Task goal: From the line containing "PowerGranules Original är" down to the last line of the listing, quote everything word for word, and nothing else, keeping pictures out.

Records for this exercise:
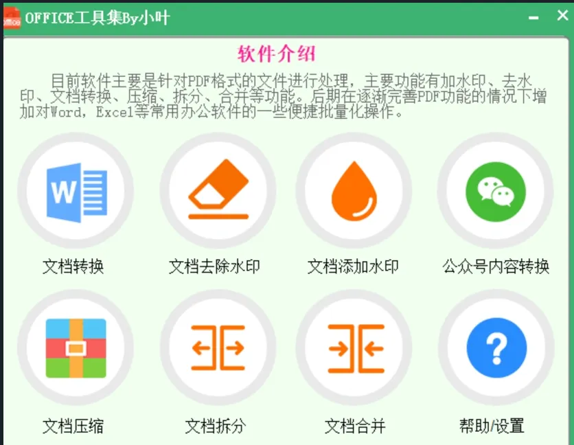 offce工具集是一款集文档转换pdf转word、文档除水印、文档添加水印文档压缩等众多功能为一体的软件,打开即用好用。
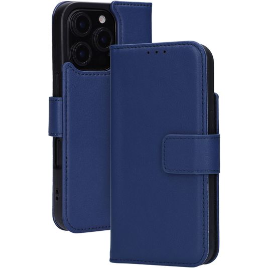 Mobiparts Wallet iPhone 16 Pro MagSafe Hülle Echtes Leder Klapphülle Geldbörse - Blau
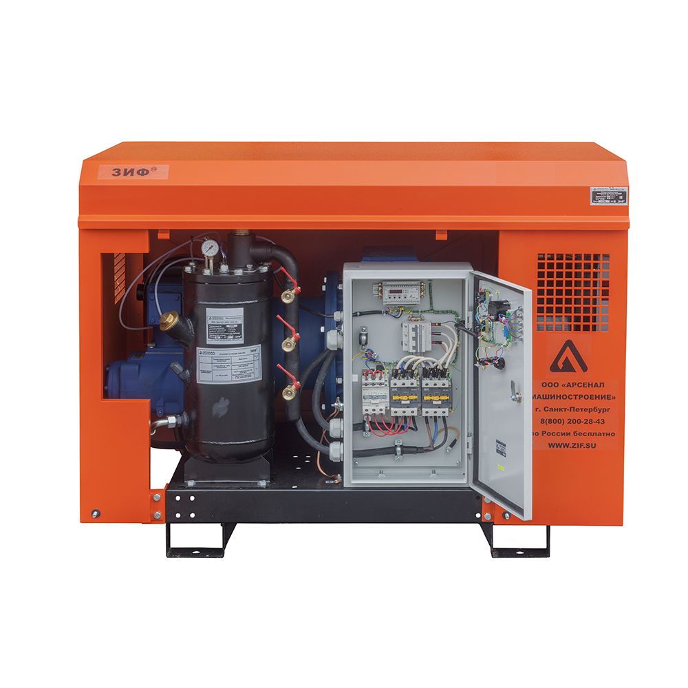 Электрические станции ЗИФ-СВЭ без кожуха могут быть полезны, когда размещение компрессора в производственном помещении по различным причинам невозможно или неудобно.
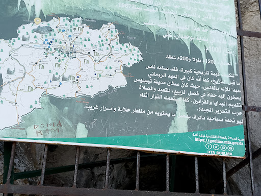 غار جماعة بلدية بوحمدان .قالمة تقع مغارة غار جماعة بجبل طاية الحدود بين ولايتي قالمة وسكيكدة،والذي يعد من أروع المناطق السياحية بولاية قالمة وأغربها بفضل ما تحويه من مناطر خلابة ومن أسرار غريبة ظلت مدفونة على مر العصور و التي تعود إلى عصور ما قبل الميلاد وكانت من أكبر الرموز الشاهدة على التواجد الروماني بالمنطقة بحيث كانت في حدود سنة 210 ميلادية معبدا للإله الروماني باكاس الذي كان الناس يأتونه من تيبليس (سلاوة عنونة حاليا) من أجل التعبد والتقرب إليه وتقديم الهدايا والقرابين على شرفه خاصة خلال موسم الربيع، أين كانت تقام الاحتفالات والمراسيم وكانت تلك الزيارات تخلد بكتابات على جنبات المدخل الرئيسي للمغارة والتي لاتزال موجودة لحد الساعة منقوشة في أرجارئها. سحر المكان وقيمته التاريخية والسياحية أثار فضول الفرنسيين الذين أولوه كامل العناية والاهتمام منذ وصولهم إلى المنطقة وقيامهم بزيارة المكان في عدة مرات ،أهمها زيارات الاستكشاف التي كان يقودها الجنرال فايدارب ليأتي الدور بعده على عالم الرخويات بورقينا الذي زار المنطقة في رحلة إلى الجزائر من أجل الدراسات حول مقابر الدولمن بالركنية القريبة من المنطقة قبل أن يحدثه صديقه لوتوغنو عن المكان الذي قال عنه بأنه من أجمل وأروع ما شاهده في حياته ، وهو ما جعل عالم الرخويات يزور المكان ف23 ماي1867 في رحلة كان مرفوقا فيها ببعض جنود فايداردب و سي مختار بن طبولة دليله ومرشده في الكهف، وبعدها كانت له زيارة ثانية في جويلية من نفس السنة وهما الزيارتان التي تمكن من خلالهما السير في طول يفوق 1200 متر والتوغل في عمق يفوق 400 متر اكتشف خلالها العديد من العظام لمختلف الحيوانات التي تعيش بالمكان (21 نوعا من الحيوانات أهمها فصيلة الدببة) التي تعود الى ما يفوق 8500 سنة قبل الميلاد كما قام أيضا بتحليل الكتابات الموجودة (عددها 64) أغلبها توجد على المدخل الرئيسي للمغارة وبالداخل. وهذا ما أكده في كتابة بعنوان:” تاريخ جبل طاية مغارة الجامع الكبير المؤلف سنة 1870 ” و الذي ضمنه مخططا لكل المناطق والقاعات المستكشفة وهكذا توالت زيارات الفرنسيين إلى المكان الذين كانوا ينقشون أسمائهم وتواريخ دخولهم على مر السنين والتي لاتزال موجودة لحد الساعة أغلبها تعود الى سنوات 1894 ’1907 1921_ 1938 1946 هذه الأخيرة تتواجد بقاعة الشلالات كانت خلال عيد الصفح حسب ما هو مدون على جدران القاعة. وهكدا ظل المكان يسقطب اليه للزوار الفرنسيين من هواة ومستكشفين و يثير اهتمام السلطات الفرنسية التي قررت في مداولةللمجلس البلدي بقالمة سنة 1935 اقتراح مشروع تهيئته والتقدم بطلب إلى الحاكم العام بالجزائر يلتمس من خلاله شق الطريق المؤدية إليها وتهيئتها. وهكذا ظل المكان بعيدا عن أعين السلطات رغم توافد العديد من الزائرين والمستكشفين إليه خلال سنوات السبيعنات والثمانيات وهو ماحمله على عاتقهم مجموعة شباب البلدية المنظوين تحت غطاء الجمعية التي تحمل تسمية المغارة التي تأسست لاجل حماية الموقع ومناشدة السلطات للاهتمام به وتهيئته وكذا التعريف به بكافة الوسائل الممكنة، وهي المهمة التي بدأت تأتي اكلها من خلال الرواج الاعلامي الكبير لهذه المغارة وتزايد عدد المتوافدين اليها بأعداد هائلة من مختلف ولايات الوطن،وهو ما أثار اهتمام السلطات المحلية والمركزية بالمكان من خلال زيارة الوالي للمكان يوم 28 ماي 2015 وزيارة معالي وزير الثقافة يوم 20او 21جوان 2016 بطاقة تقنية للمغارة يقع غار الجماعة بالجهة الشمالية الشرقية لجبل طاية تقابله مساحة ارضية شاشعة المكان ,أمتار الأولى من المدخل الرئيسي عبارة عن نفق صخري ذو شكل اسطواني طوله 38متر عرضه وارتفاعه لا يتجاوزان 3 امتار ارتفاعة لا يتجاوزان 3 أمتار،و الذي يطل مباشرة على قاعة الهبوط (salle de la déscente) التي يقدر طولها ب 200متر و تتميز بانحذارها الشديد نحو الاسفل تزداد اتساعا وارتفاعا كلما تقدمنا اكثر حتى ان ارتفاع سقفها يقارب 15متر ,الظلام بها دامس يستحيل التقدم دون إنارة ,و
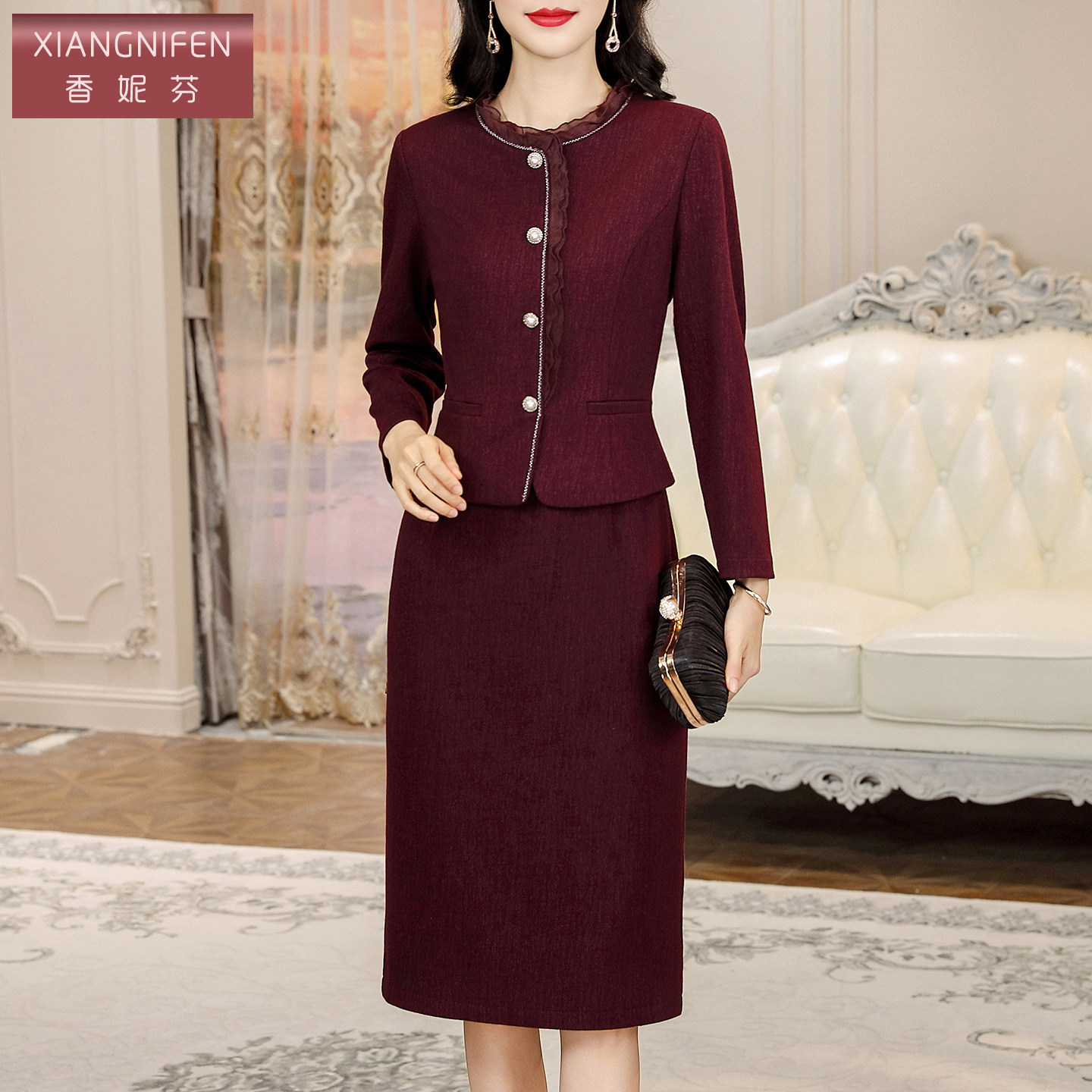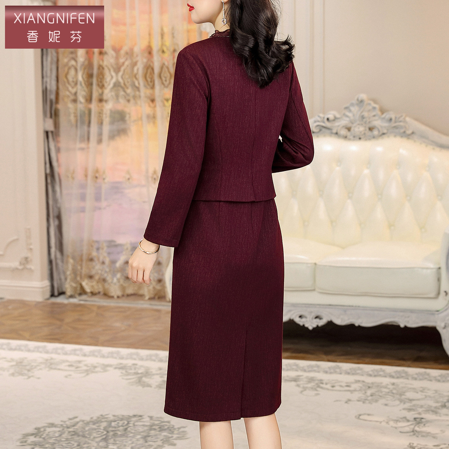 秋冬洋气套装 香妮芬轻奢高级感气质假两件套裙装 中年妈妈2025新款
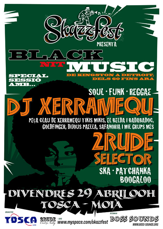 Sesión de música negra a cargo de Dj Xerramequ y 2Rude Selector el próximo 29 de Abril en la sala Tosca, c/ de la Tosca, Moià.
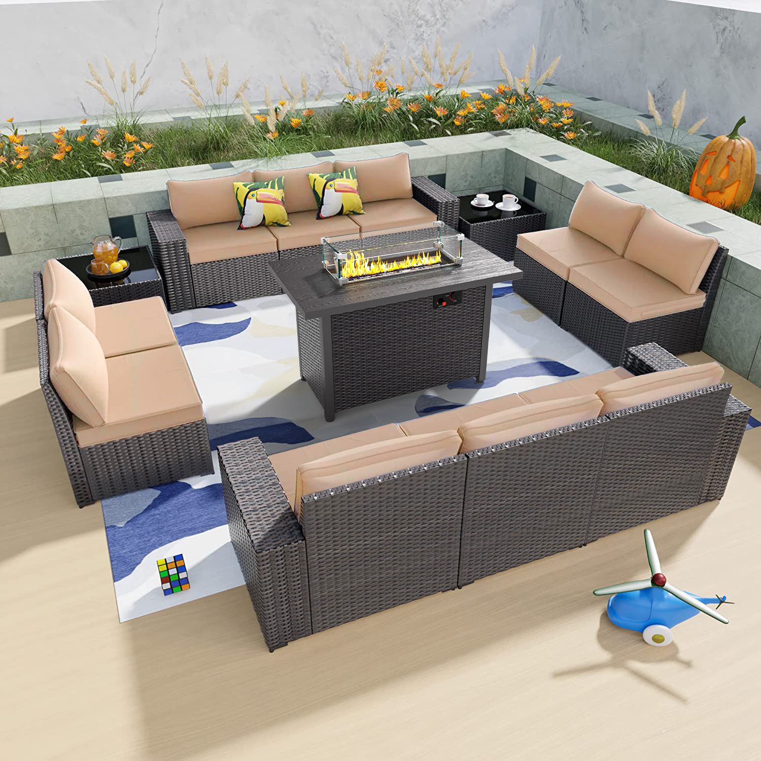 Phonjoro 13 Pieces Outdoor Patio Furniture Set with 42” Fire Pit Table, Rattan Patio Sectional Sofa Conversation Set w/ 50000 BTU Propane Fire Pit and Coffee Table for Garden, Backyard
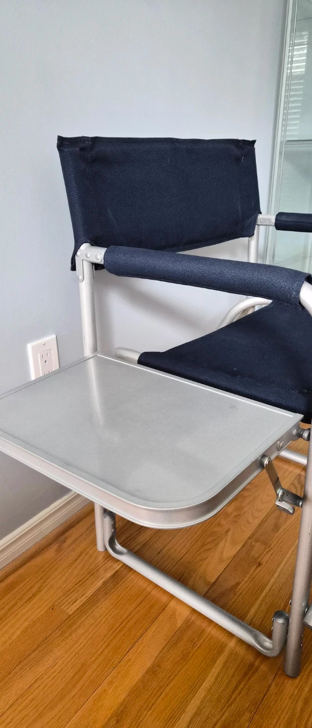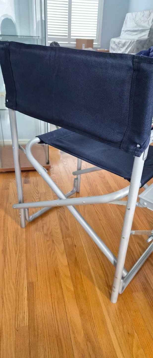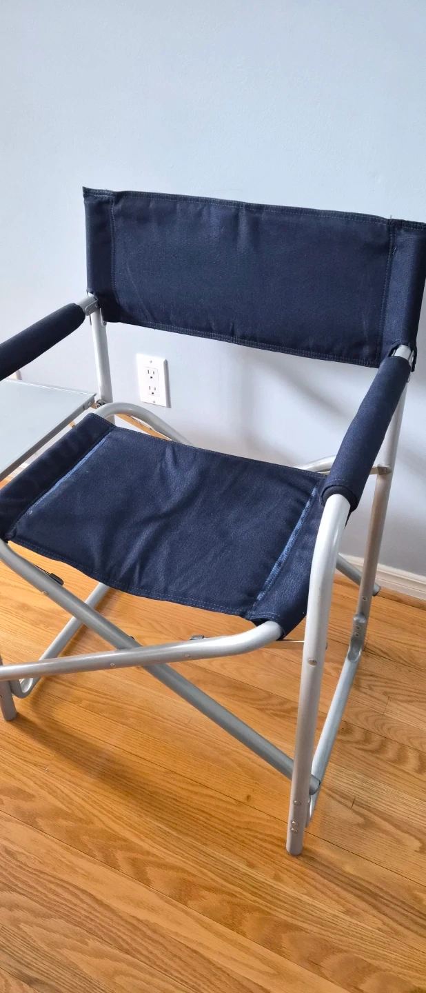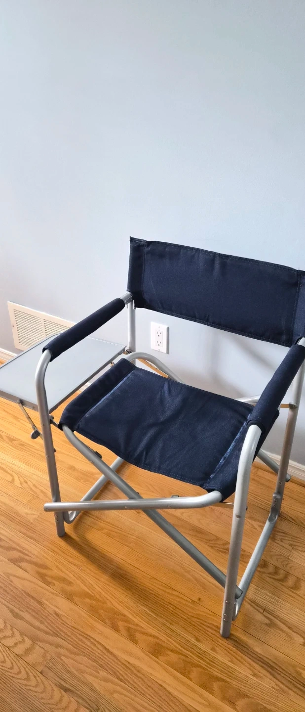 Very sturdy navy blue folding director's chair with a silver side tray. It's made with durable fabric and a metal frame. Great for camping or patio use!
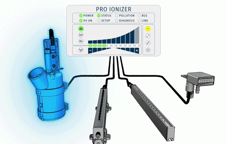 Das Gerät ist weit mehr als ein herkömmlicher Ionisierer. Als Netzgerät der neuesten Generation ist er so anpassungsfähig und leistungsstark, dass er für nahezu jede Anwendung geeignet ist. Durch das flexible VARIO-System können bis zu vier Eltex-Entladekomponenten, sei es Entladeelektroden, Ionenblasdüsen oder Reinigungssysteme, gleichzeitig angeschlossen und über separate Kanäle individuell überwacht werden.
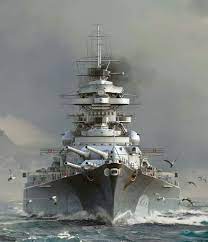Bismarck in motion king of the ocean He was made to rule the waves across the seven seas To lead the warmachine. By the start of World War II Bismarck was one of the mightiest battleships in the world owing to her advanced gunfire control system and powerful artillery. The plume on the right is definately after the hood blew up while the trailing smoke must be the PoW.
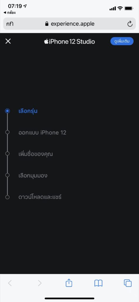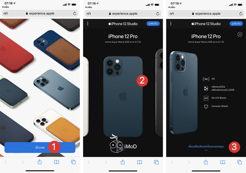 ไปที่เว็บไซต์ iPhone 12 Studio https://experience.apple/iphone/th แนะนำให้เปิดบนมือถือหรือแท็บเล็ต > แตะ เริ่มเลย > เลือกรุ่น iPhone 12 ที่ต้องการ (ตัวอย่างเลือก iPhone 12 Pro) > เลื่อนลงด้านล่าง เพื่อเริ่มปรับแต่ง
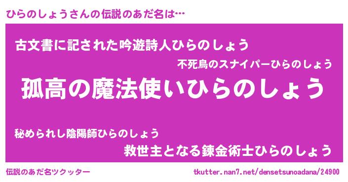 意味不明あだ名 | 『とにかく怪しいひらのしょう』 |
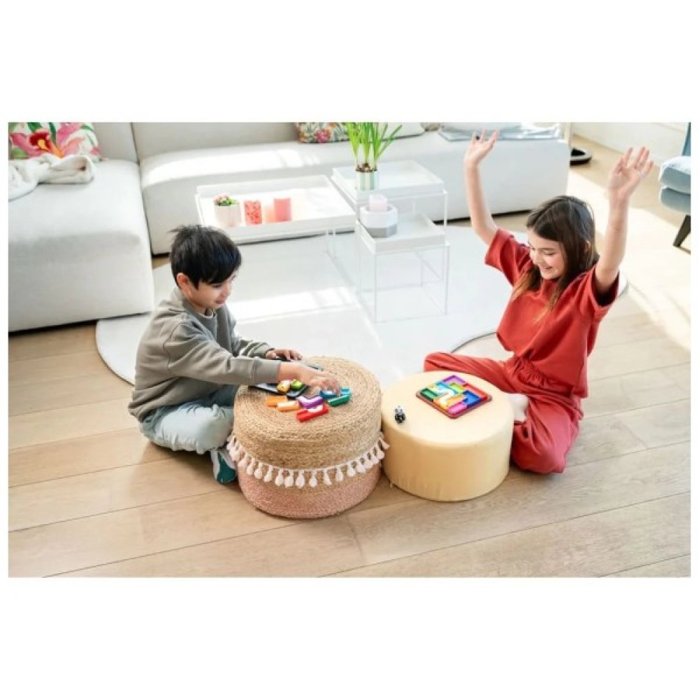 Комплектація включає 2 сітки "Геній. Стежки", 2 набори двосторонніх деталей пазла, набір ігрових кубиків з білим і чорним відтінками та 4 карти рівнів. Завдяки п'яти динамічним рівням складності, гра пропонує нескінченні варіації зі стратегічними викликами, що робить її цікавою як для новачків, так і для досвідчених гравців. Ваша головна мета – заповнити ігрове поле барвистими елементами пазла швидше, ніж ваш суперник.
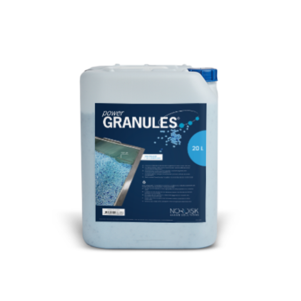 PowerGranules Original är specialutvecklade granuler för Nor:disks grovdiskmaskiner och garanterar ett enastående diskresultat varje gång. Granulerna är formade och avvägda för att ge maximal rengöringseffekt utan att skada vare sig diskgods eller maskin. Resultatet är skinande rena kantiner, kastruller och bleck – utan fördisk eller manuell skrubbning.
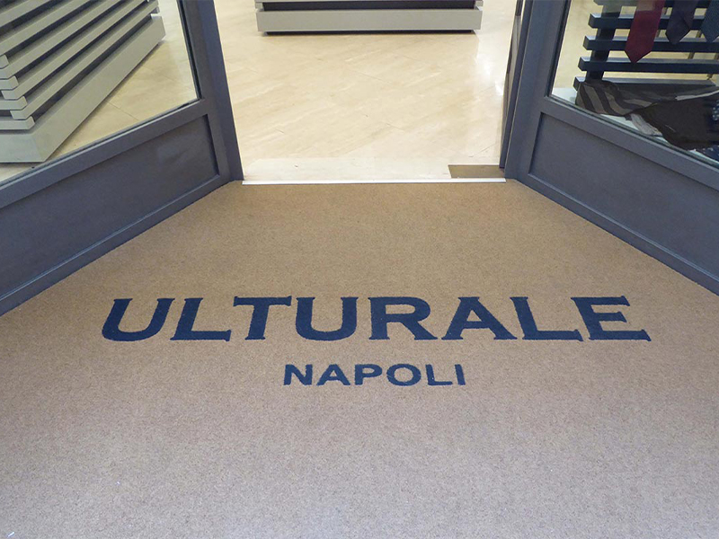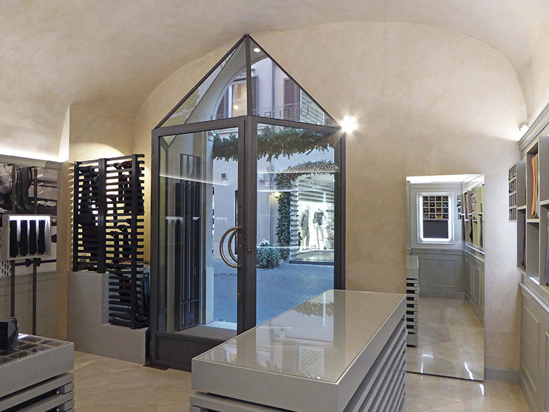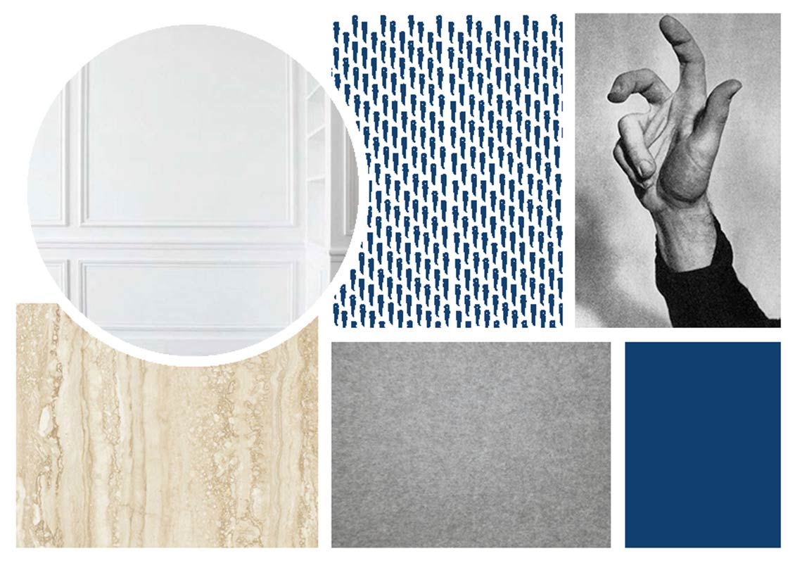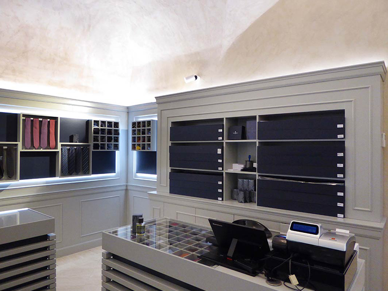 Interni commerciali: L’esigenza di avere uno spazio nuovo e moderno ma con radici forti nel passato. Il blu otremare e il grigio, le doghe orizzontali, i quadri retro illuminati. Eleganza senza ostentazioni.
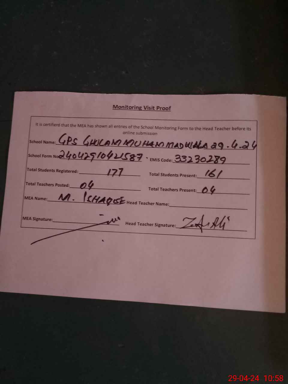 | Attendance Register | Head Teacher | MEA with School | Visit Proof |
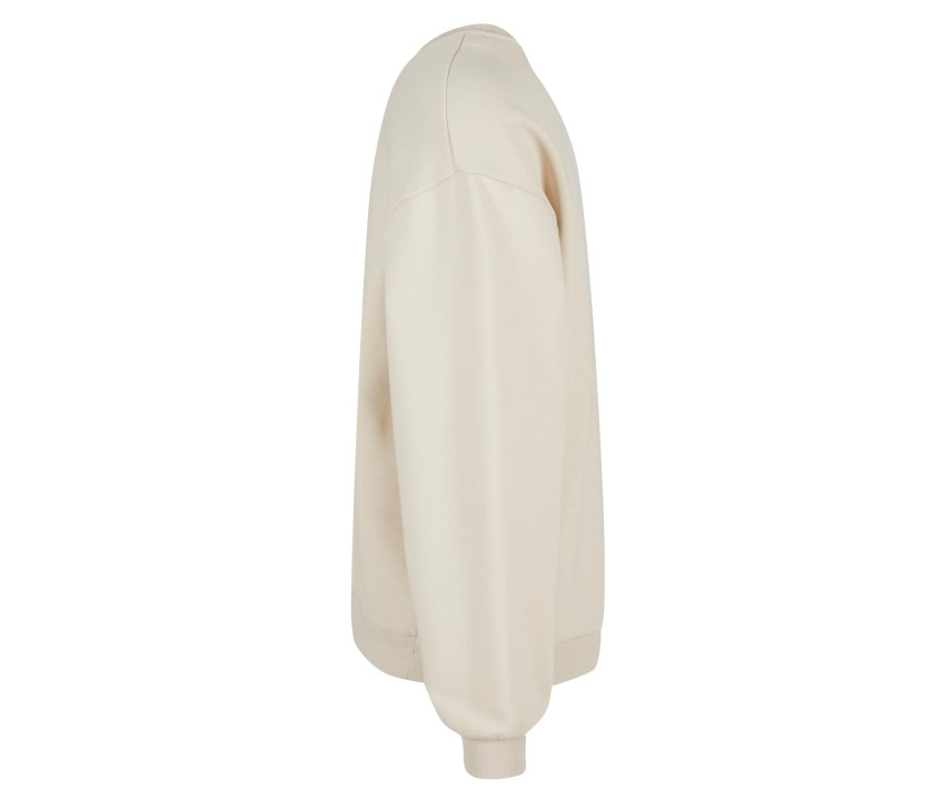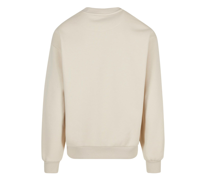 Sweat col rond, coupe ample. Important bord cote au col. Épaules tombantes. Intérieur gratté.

Output:
 PowerGranules Original är specialutvecklade granuler för Nor:disks grovdiskmaskiner och garanterar ett enastående diskresultat varje gång. Granulerna är formade och avvägda för att ge maximal rengöringseffekt utan att skada vare sig diskgods eller maskin. Resultatet är skinande rena kantiner, kastruller och bleck – utan fördisk eller manuell skrubbning.
 Interni commerciali: L’esigenza di avere uno spazio nuovo e moderno ma con radici forti nel passato. Il blu otremare e il grigio, le doghe orizzontali, i quadri retro illuminati. Eleganza senza ostentazioni.
 | Attendance Register | Head Teacher | MEA with School | Visit Proof |
 Sweat col rond, coupe ample. Important bord cote au col. Épaules tombantes. Intérieur gratté.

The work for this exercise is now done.